Introspection – Scene I


He settled into the couch in Downs’s office, facing the doctor’s desk as he walked back from the door to his desk chair. This was his fifth session since they’d gotten back from space nine days ago, and while he didn’t mind the extra time since it got him away from the others during house arrest, he wasn’t going to change his mind. The team didn’t deserve the punishments Mick had forced on them, and if the others were too afraid of losing their spot at the Academy by standing up to him, then he would do it. Zee had caved quickly to avoid conflict. Even Allison was starting to waver. He knew Felix and Barbe said they’d be fine with the streets, and he had absoutely no idea what it was like to live there. That wasn’t where he’d be headed though if Mick kicked him out. He really didn’t want to leave, and he didn’t think Barbe was right that was where this was headed, but if it was, so be it. Someone had to stand up to the arbitrary nature of the punishment.

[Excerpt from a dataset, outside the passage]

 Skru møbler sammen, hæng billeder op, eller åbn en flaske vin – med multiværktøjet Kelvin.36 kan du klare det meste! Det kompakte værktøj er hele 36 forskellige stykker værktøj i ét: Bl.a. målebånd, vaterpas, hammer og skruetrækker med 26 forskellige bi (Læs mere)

He took several deep breaths. Just thinking about it was enraging and he felt caught. The leadership training had started not long before the adventures and space, but it had become hard to focus between the need to protect his . . . team and the friends on it and some very pointed comments from Barbe about his . . .

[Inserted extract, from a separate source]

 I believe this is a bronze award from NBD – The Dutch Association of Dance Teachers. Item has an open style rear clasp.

“Do you have an answer for me Lukas,” the Scottish burr of Downs accent finally burrowed through his musings.

Flushing, Lukas tried to catch up to what he had missed, “I’m sorry, Doctor, I was, distracted.”

“I understand. It has been a trying few weeks to adapt too. I will repeat myself but do try to focus on our current topic.” Downs paused, looking at his notes, “I asked if you had experienced a recurrence of the nightmares about the abuction.”

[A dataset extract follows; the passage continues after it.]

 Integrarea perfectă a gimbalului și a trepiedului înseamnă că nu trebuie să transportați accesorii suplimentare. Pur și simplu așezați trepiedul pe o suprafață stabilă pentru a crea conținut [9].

“No, sir, not in the last week or so.”

“Very good, sometimes the light hypnosis we tried during your last session can dredge up memories, some old, some recent, and we should explore any that had presented itself in your dreams.” He paused again, but Lukas just nodded in understanding. “Then, let’s delve into some of the, shall we say, tenseness you share with certain teammates.”

Lukas shoulders slumped for just a moment, before he caught himself, and said, “I thought we had already discussed Felix at length, just because I don’t like him doesn’t mean I was going to let him die on some alien planet.”

Downs wrote something in his journal, before looking at him with his piercing blue eyes, “We have discussed Felix quite a bit, and while there is certainly some additional layers to explore, I thought we would chat about Allison.”

“I . . .” he could feel his face flush, and it annoyed him, making the calm he’d achieved earlier dissipate, “what exactly do you mean, Doc? I like Allison. A lot.”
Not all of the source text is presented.